-------- RECORD EXCERPTS --------

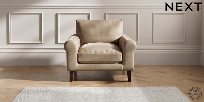 6.12.1 Buy Palermo Relaxed Sit Armchair Luxe Chenille Mid Camel Beige Tapered - Dark Brown from the Next UK online shop Click here to use our accessible website
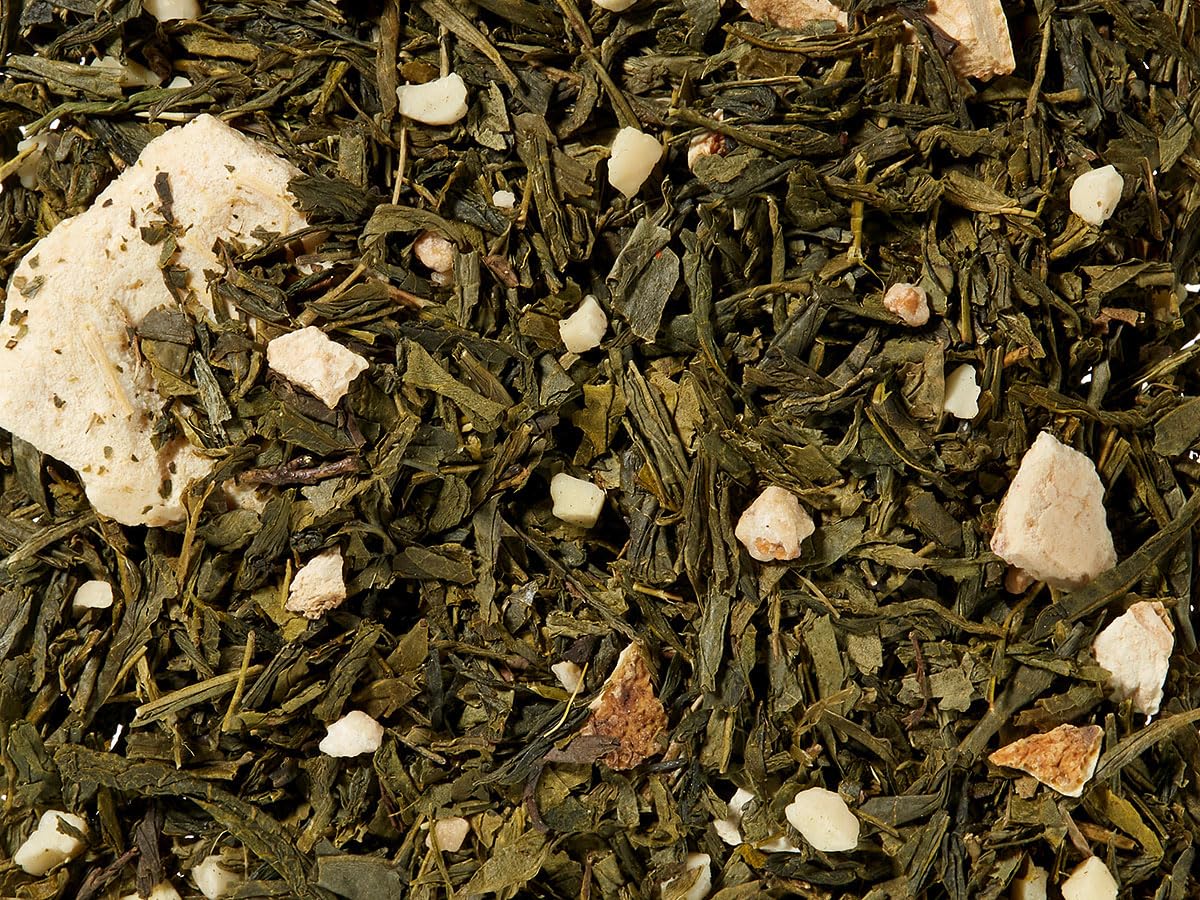 The Italian hazelnut liqueur "Frangelico", served with lime syrup and lime slices, is no longer an insider tip. We put this refreshing combination on our mild green tea base and were thrilled: wonderfully nutty and slightly creamy nuances meet refreshing sparkling citrus notes. A perfect combination and a pleasure that you can really celebrate with large citrus shells, almonds and hazelnut crunch. Also like to enjoy it cold. Salute! 2-3 minutes steeping time: 75-80 C, water temperature 4-5 teaspoons per literteemando Groene theemengsel Sencha Hazelnoot limoen Hazelnoot-limoen-aroma gearomatiseerd, 1 kg De Italiaanse hazelnootlikeur "Frangelico", geserveerd met limoensiroop en schijfjes limoen, is allang geen geheime tip meer. We hebben deze verfrissende combinatie op onze milde groene theebasis gezet en waren enthousiast: heerlijk nootachtige en licht romige nuances ontmoeten verfrissende sprankelende citrusnoten. Een perfect samenspel en een genot dat je met grote citrusschalen, amandelen en hazelnootkrokant echt kunt vieren. Ook graag koud genieten. Salute! 2-3 minuten trektijd: 75-80 C, watertemperatuur 4-5 theelepels per liter
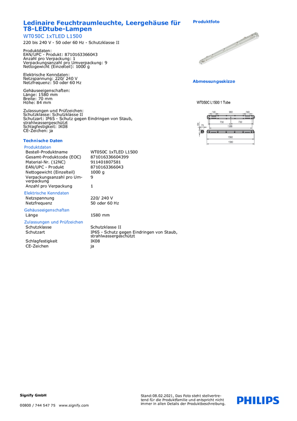 Lampa LED do wilgotnych pomieszczeń Philips LED Ledinaire WT050C 1xTLED L1500 36604399
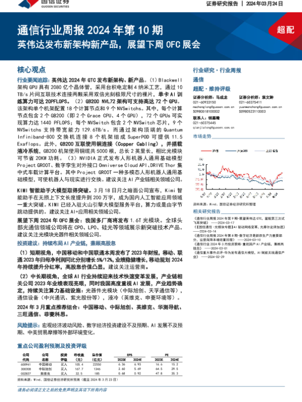 【国信证券】【20240324】通信行业周报2024年第10期:英伟达发布新架构新产品,展望下周OFC展会-33页 行业研究
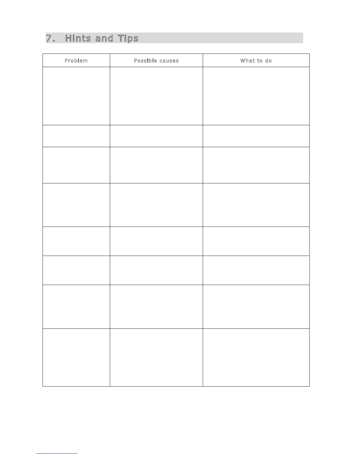 Problem Possible causes What to do
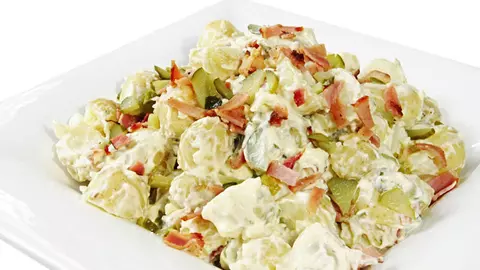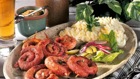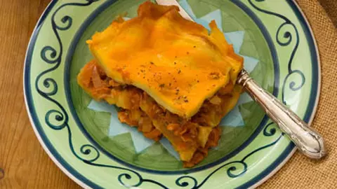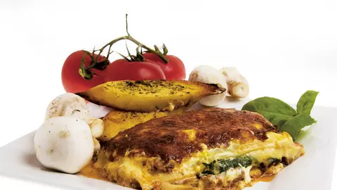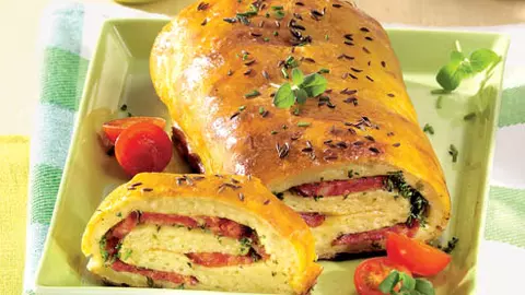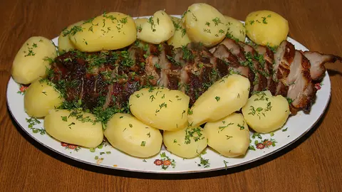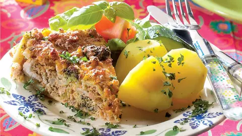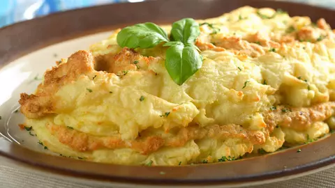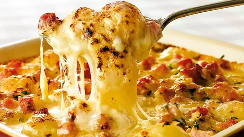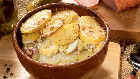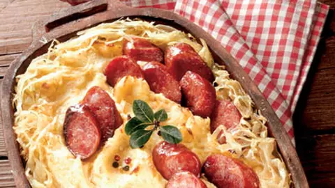 Budincă de cartofi cu cârnaţi şi sos de caşcaval

--------

__PROBLEM TO WORK ON__: What the response needs is every entry, repeated exactly, and none of the pictures.

__EXERCISE OUTPUT__:
 6.12.1 Buy Palermo Relaxed Sit Armchair Luxe Chenille Mid Camel Beige Tapered - Dark Brown from the Next UK online shop Click here to use our accessible website
 The Italian hazelnut liqueur "Frangelico", served with lime syrup and lime slices, is no longer an insider tip. We put this refreshing combination on our mild green tea base and were thrilled: wonderfully nutty and slightly creamy nuances meet refreshing sparkling citrus notes. A perfect combination and a pleasure that you can really celebrate with large citrus shells, almonds and hazelnut crunch. Also like to enjoy it cold. Salute! 2-3 minutes steeping time: 75-80 C, water temperature 4-5 teaspoons per literteemando Groene theemengsel Sencha Hazelnoot limoen Hazelnoot-limoen-aroma gearomatiseerd, 1 kg De Italiaanse hazelnootlikeur "Frangelico", geserveerd met limoensiroop en schijfjes limoen, is allang geen geheime tip meer. We hebben deze verfrissende combinatie op onze milde groene theebasis gezet en waren enthousiast: heerlijk nootachtige en licht romige nuances ontmoeten verfrissende sprankelende citrusnoten. Een perfect samenspel en een genot dat je met grote citrusschalen, amandelen en hazelnootkrokant echt kunt vieren. Ook graag koud genieten. Salute! 2-3 minuten trektijd: 75-80 C, watertemperatuur 4-5 theelepels per liter
 Lampa LED do wilgotnych pomieszczeń Philips LED Ledinaire WT050C 1xTLED L1500 36604399
 【国信证券】【20240324】通信行业周报2024年第10期:英伟达发布新架构新产品,展望下周OFC展会-33页 行业研究
 Problem Possible causes What to do
 Budincă de cartofi cu cârnaţi şi sos de caşcaval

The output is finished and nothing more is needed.